Wrasse now being specifically produced in aquaculture
This situation can certainly be seen as contributing to the fact that we are currently experiencing a revival of cleaner fish in salmon farms. And because wild fish catches alone are not sufficient to satisfy demand from salmon farms attempts are now being made to grow the fishes in aquaculture. The increase in demand for wrasse could be met more easily with farmed fish since the fishes have to be available in sufficient numbers at the required time and in good quality. Whilst supply from fisheries is mainly limited to the relatively short fishing season aquaculture can guarantee year-round supply. Salmon farmers can purchase the cleaner fish in accordance with the mesh size of their net cages and the size of the salmon. Farmed wrasses are more uniform in age, size and condition than wild catches and their health can be specifically controlled. And farming also serves to protect the natural wrasse stocks better from overfishing.

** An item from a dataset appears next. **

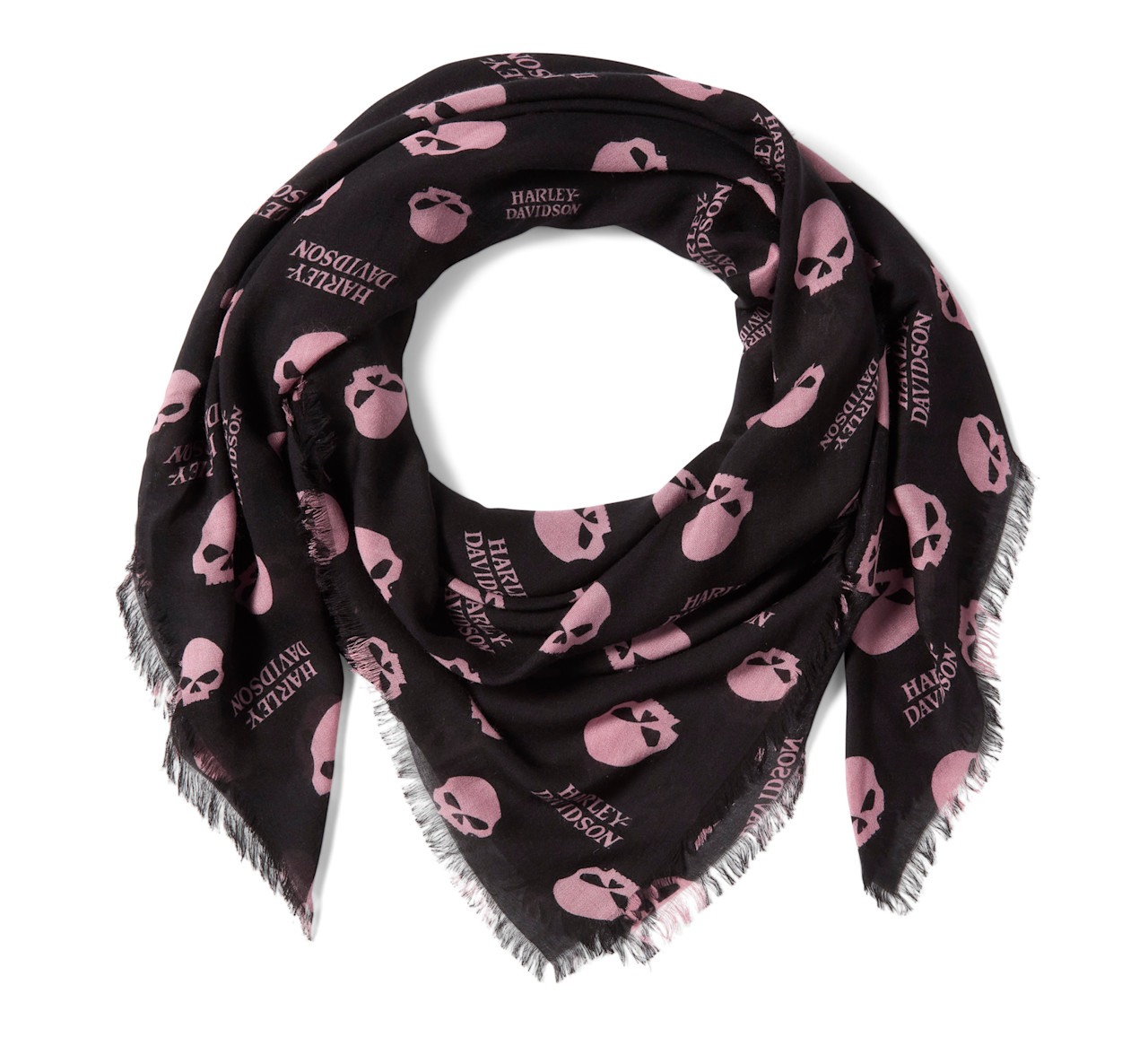 Wrap yourself in comfort while you honor our stylist’s creative legacy. Our Willie G™ Skull Shawl is made from 100% viscose for a soft and silky feel that drapes beautifully. It’s generously sized with fringe trim and custom allover graphics showcasing the iconic Willie G Skull. Know the history—though the Skull is one of his most popular creations, Willie G. Davidson also designed several motorcycles, including the 1971 FX Super Glide® model and the 1977 FXS Low Rider® model.

During recent years, several companies have been developed in Norway alone whose business model is based on farming wrasse: Marine Harvest Labrus, Profunda, Nordland Leppefisk and Cleanfish. Interest in farming this species is growing in Ireland and Scotland, too. In February this year the Scottish Salmon Company and the Morpol Group’s Meridian Salmon Group co-operated with the Scottish Salmon Producers Organization to set up a project for farming wrasse. A three-year contract with the Scottish fish farmer Otter Ferry Seafish provides for the production of more than 250,000 cleaner fish for Scottish salmon farms. In Canada, too, researchers were overjoyed when test cunners spawned and reproduced for the first time in the lab in August 2011.
Their pleasure is understandable for up to now little is known about the biology and reproduction of wrasse. Farming these fishes is a real challenge, and much still has to be left to chance. Ballan wrasse (Labrus bergylta), for example, is a protogenic hermaphrodite, i.e. all the fishes are initially female and later on become male. Apart from that, the males are territorial and not very compatible with one another. Bites which occur during conflicts can become infected and cause the injured fish’s death. The fishes need special soft feed and sufficient places to hide if they are to reproduce. The larvae are only 3.5 m
m long when they hatch and initially have to be fed on enriched rotatoria. Wrasse farmers benefit from the wealth of existing experience in hatching cod larvae. Despite certain advancements, however, they still have to cope with poor growth, deformations and high mortality rates among the young wrasses. There is still no good commercial feed available and it takes several months for the fishes to grow to 30 to 70 grams (10-14 cm) and thus a sufficient size for them to act as lice pickers. But the effort could prove worthwhile in the long run if salmon louse can ultimately be combated using biological means with the result that less chemicals would be required.